* _Record extracts_:
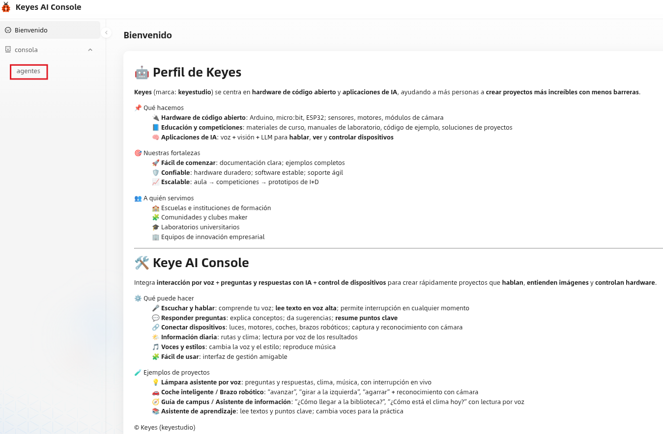 - Plataforma ai.keyestudio.com. Permite crear y gestionar agentes de inteligencia artificial.
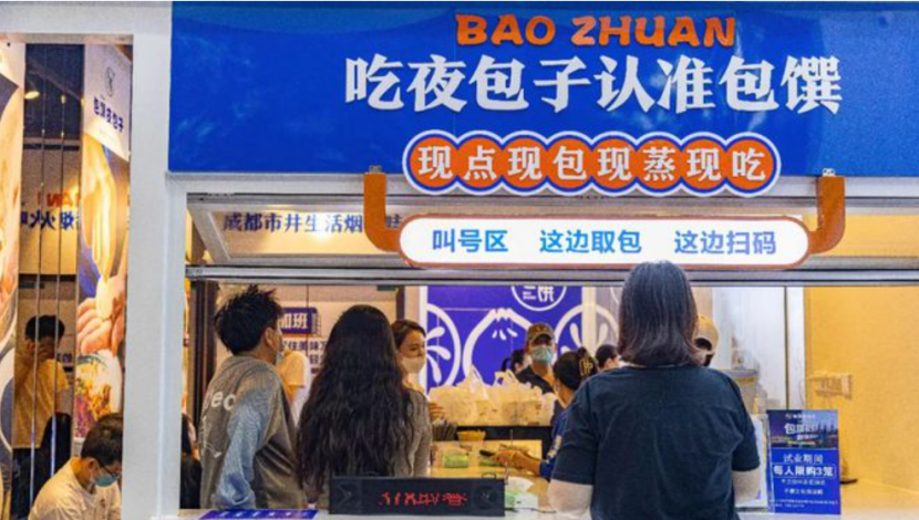 2020年國慶期間,姜華就在成都九眼橋酒吧街支了個露天夜宵攤賣包子。眼看着賣得紅火,他乾脆就在那兒開了一個檔口店。生意最好的時候,這個店一天能賣出2000多籠包子,營業額近2萬。
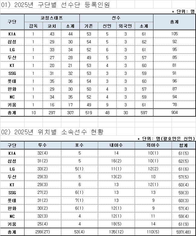 | 👥 구단별 선수단 등록인원 📍 위치별 소속선수 현황 |
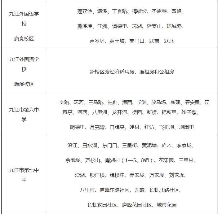 附表:2023年九江市中心城区初中学校学区范围
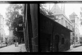 [Vista de la Catedral de San Pedro, estación de bomberos, personas caminando y edificios aledaños] [fotografía] / Julio Bertrand Vidal. Ginebra, Suiza 1908 1 fotografía sobre placa de vidrio : monocroma estereoscópica ; 4,4 x 10,7 cm. .

* _About this task_:
Every line from the one that holds "附表:2023年九江市中心城区初中学校学区范围" to the last line of the records above goes into the answer, exactly as written; nothing else does, and no picture does either.

* _Solution to this problem_:
 附表:2023年九江市中心城区初中学校学区范围
 [Vista de la Catedral de San Pedro, estación de bomberos, personas caminando y edificios aledaños] [fotografía] / Julio Bertrand Vidal. Ginebra, Suiza 1908 1 fotografía sobre placa de vidrio : monocroma estereoscópica ; 4,4 x 10,7 cm. .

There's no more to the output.